In this type of investment, the fund houses employ algorithms that process vast amounts of data to take decisions about the securities, asset allocation and risk management.
Currently, there are 8 quant funds in Indian MF industry. These funds have total AUM of around Rs. 6300 crore. Comparing the three years return among these 8 funds, 5 funds beat their benchmark returns by comfortable margins while two funds underperformed compared to the benchmark return in three year period. One fund did not have three year track record.
Key features
- A data-driven investment approach using historical data, market trends, and predictive analytics to eliminate emotional or subjective biases
- The fund houses have their own pre-programmed algorithms to take investment decisions based on specific conditions
- The decision-making algorithms in the quant funds can be designed as per the investment goals like capital appreciation, wealth generation or risk mitigation
- Quant funds often include wide range of securities to spread the risk of the fund
How do they invest?
- The algorithms in the quant funds are based on factors like value, growth, momentum, or volatility
- These funds balance long and short positions to reduce market risk
- The algorithm allows the managers to choose high-frequency trading that is based on short-term market inefficiencies
Advantages
- Quant funds are focused on objective decision making based on data and predefined rules.

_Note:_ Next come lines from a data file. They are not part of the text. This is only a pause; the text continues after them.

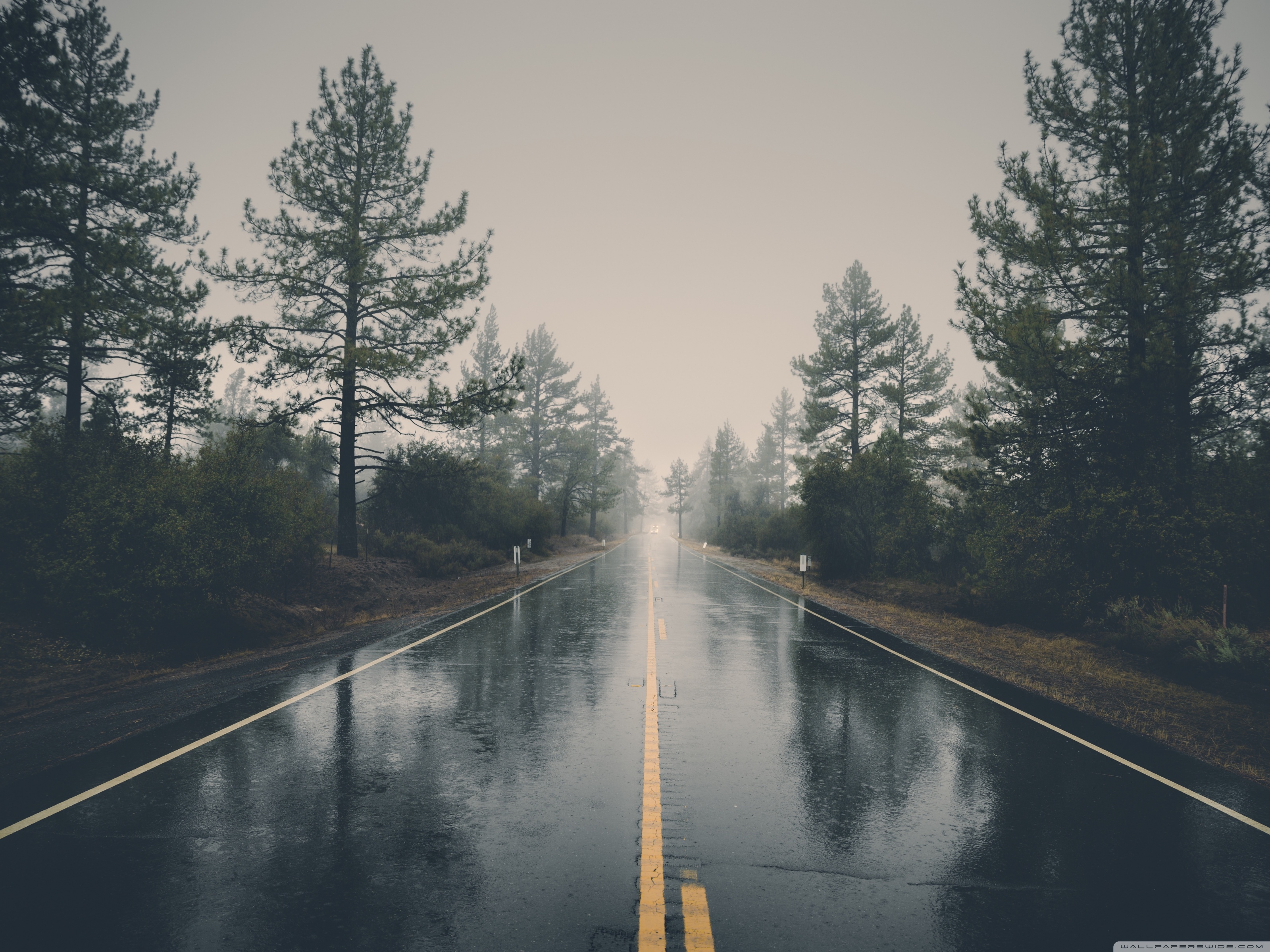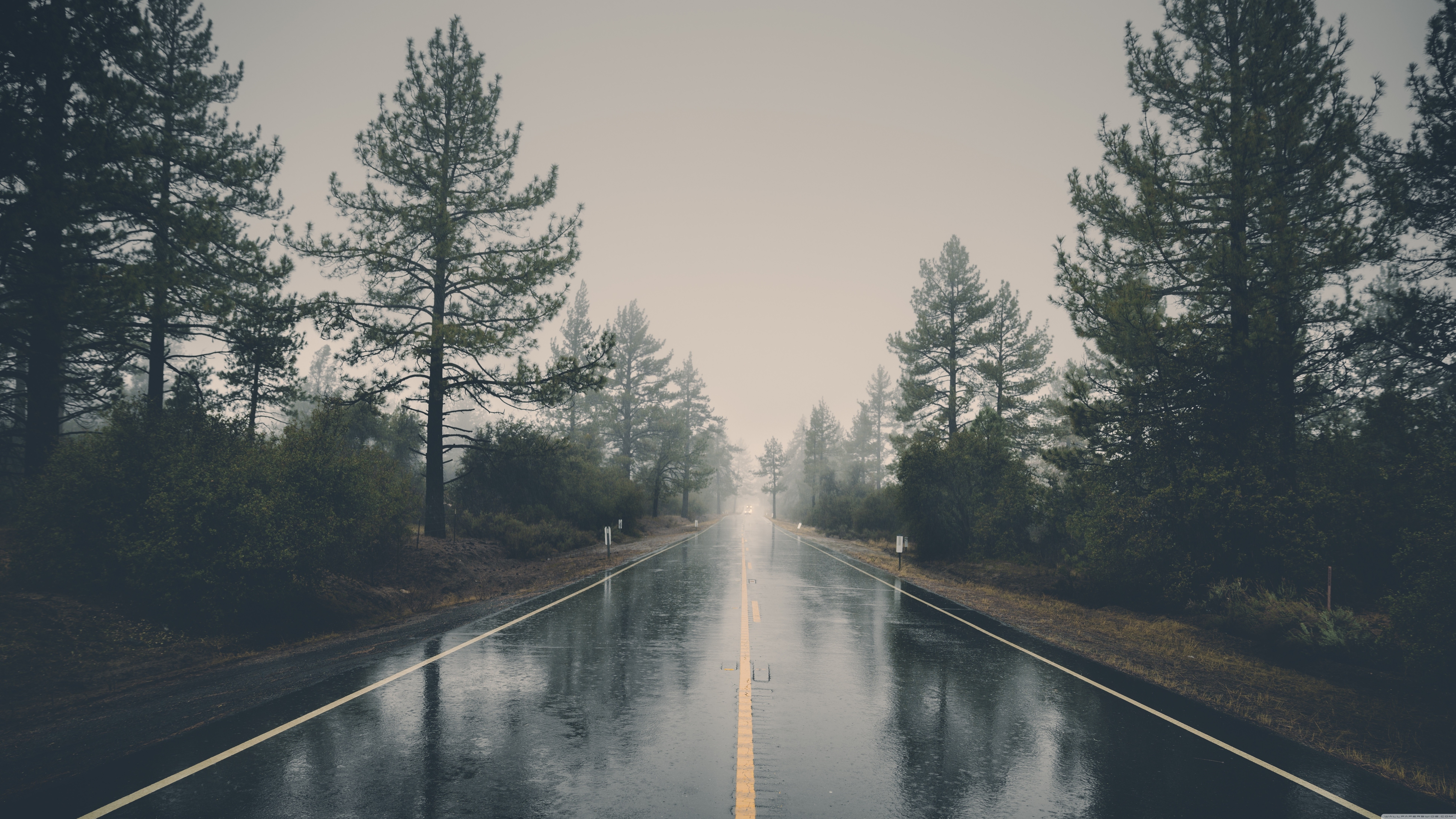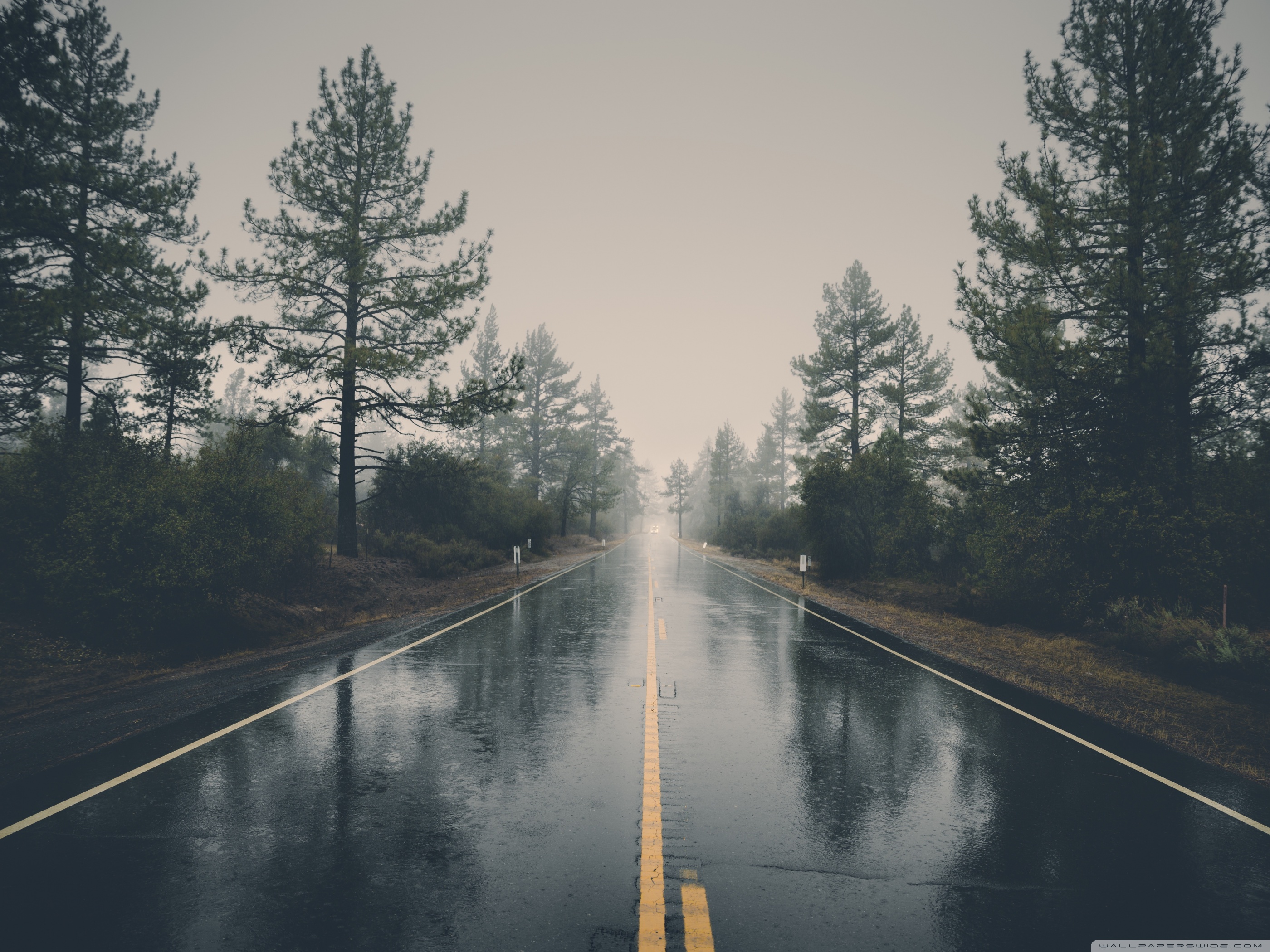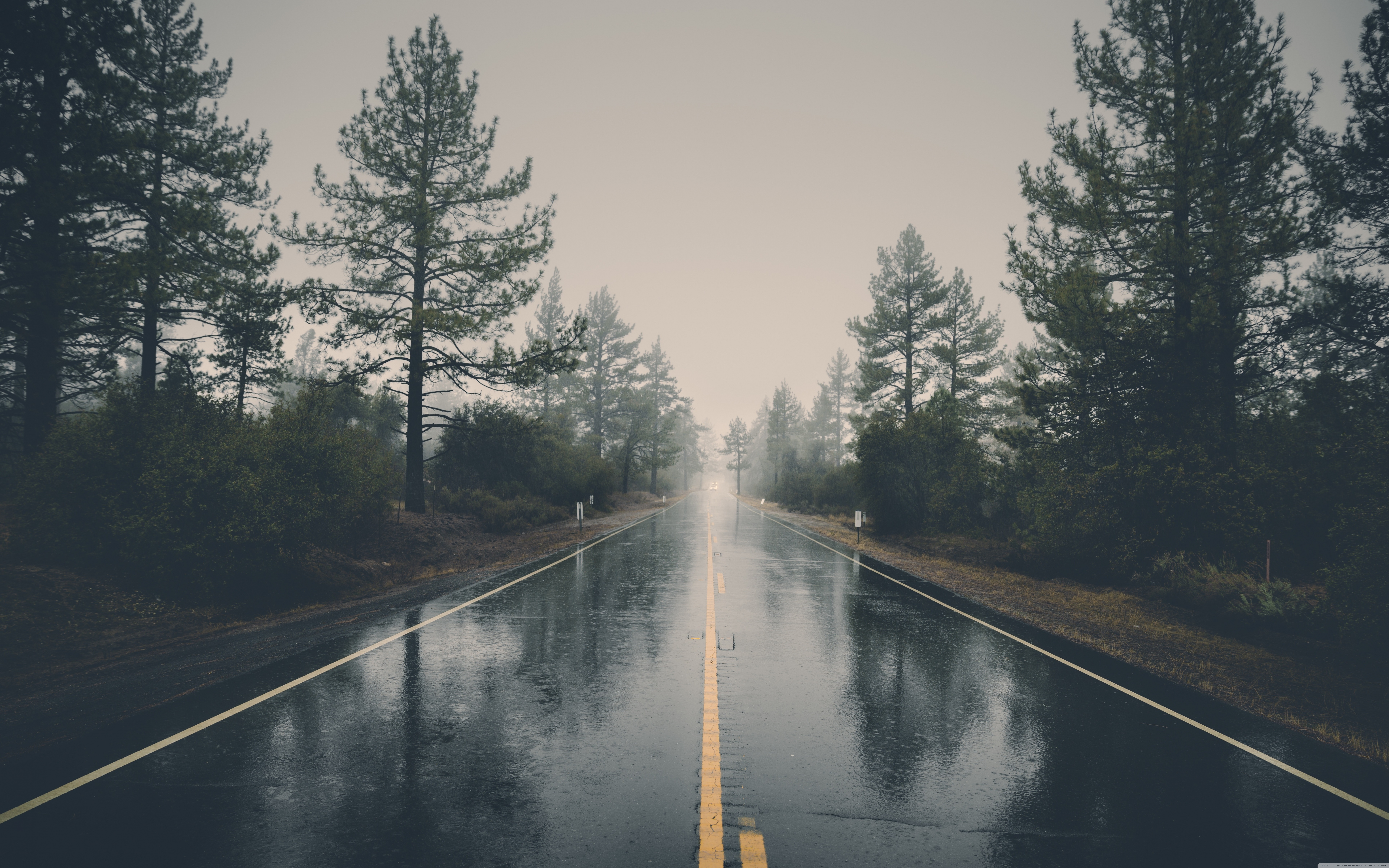 Download Rain, Road, Gloomy Weather 4K UHD Wallpaper
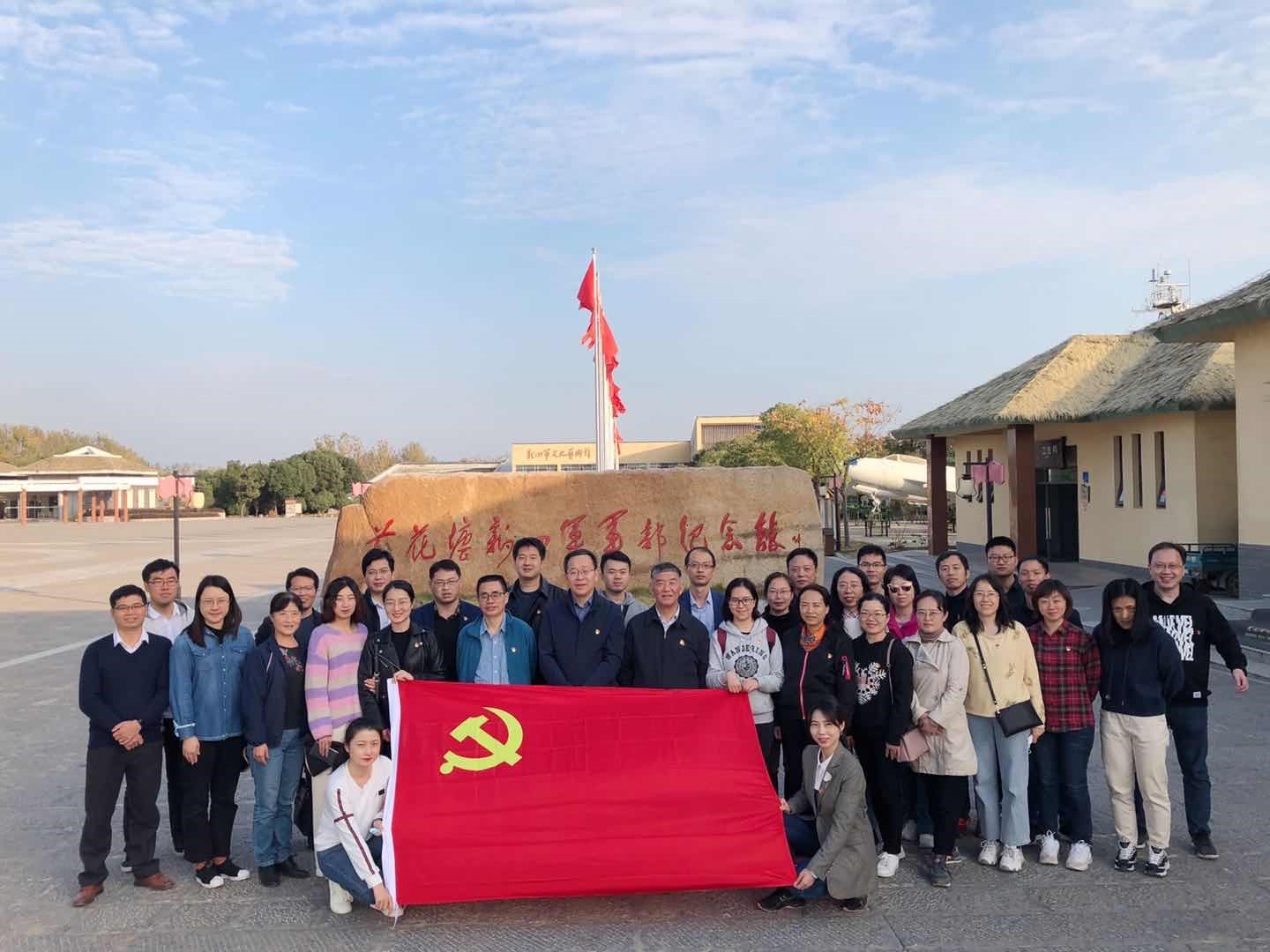 本次党日活动是党总支“追寻红色足迹”系列活动之一。四个研究生支部已经完成了学习“四史”,探寻南京红色遗迹,绘制南京红色地图,讲述南京红色故事,传承南京红色文化的任务。本次盱眙黄花塘之旅,将是教工支部探寻红色足迹的开始。黄花塘原来只是一个默默无闻的小村庄,但它在波澜壮阔的中国革命史上写下了辉煌的篇章。从1943年1月初到1945年2月底,在全国抗日战争由相持阶段转入反攻的关键阶段,新四军军部移驻黄花塘。在此期间,军部在艰苦卓绝的条件下,运筹帷幄,指挥抗日,粉碎了日伪军的“扫荡、清乡”和国民党顽固派的摩擦、进攻,在苏、皖、浙、鄂、豫五省开辟了八个敌后抗日根据地,在日军统治的心脏地区插上了一把尖刀,使华中地区成为对敌斗争的主战场。
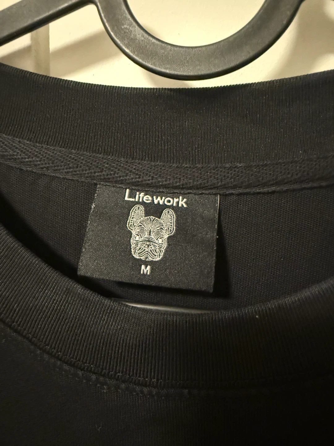 Selling a black Lifework t-shirt in size medium. It features a cool graphic design on the front. The material feels soft and comfortable, perfect for everyday wear
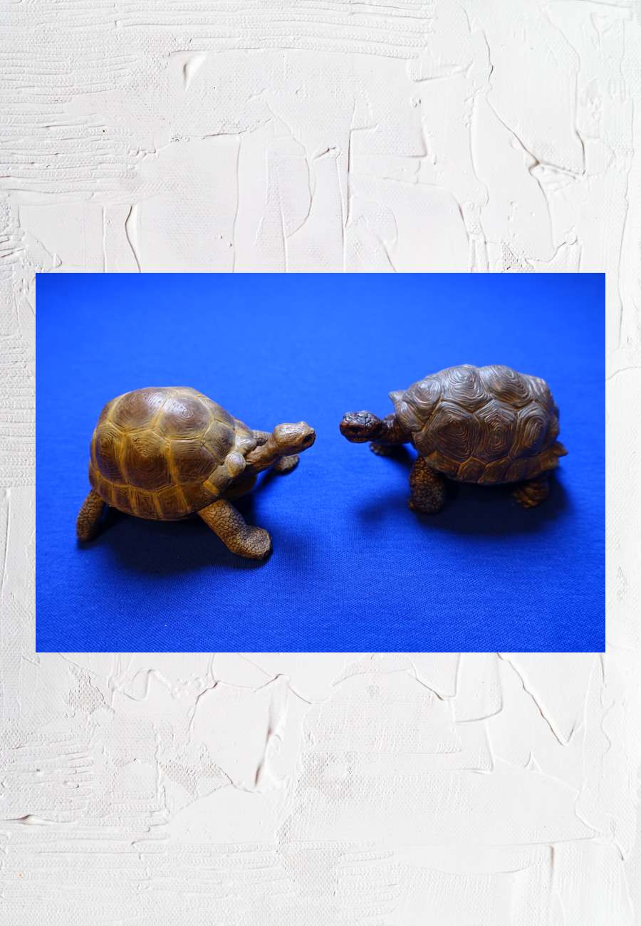 Naturalistisch gestaltete Schildkröten, z.B. von der Firma Schleich (Schwäbisch Gmünd), aber meist "Made in China", ca. 8 cm groß.
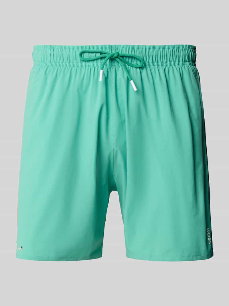 Zwembroek van BOSS voor heren. Look: effen. Applicatie: Labelprint. Details: Contraststrepen. Boord: elastisch met tunnelkoord. Sport: Zwemmen. Zakken: Achterzak met klittenbandsluiting en steekzakken opzij. Bandwijdte bij maat M: 37 cm. Binnenbeenlengte bij maat M: 14 cm
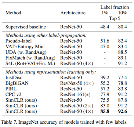 第二种叫做半监督学习(semi-supervised learning),即在对比学习后,使用少量数据进行精调(finetune)进一步优化模型。可以看出,在这种类似于小样本学习(few-shot)的场景下,模型取得了不错的泛化效果,作者在进一步的实验中也证明,即使使用全量样本进行精调,预先进行的对比学习也能使模型效果有约2%的提升。
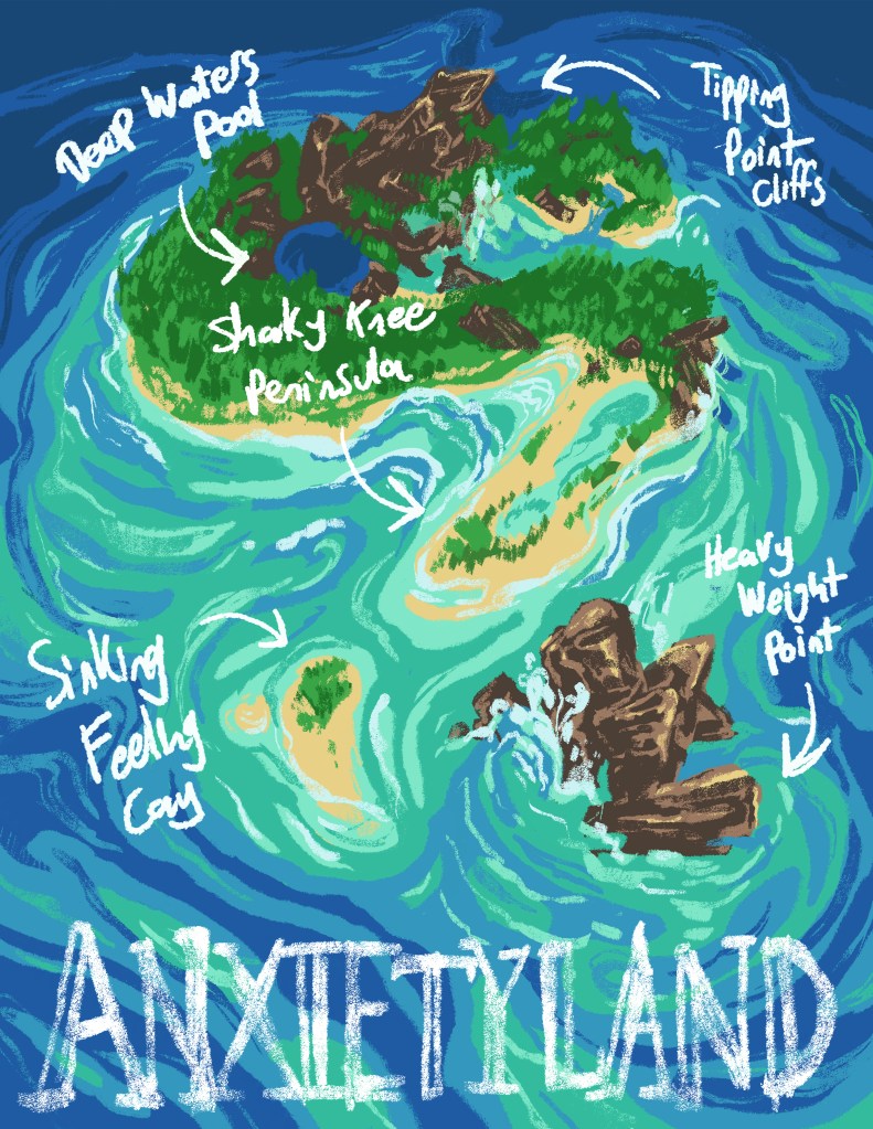 For my next map, I wanted to create something that didn’t refer to a real place, but instead explored mapping a fictional place: Anxietyland! This was an exploration into themes of the body, mental health, design, and illustration, and I had a lot of fun doing it! I learned a lot about hand drawn type and the crossroads of design and illustration.
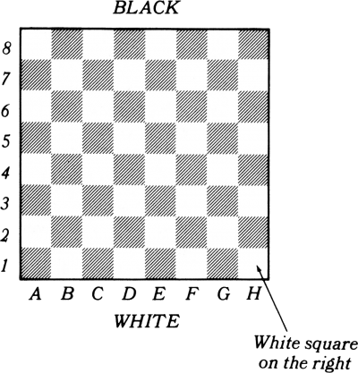 The battlefield is an 8 X 8 board placed so that each player has a white square in his right hand corner. When using the Video Chess module, the white squares are colored white and the black squares are light blue.
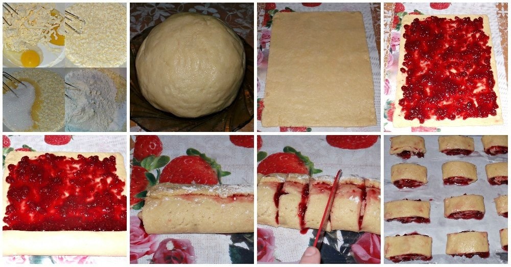 Раскатать тесто в тоненький пласт, смазать густым вареньем или джемом, по желанию можно добавить в варенье крахмал.Завернуть пласт рулетом.

They eliminate human biases like overconfidence, fear, or greed
- These funds take investment decisions as per the digital calculation which can help identify the opportunities that might be overlooked by human analysts
- Clear rules and mathematical methodology help the investors to have a understanding about the operation of the fund
Risks and limitations
- The risk of model may also reflect in the overall fund performance as the algorithms are trained on the historical data which may not be bias free
- Excessive reliance on data is not useful in predicting or hedging against the developing trends in the market
- Investment models and their algorithms are complex set of rules, they may not be easy for the retail investors to understand
- Quant funds are mandated to churn or trade only at specific times making it difficult to adjust to rapidly changing market conditions
Who should invest?
- Quant funds are optimal investment option for those who are tech savvy and believe in data driven approach of investment
- Investors who are comfortable in understanding the complexities of quantitative models
What does the future holds?
The example of US market can be quoted to show the importance and relevance of quant mutual funds in maturing markets. Till 1989, the assets under management under quantitative approach-based funds were non-existent but today these funds manage 35% of total AUM in US markets.
Although the total AUM in Indian MF industry has crossed Rs.68 lakhs but the quant funds cover only around 1.5% of total AUM. This along with the continuous maturing of Indian markets will result in further growth in such investment options.
Further, the prevalence of artificial intelligence and large language models will also increase the acceptance of this category of investments.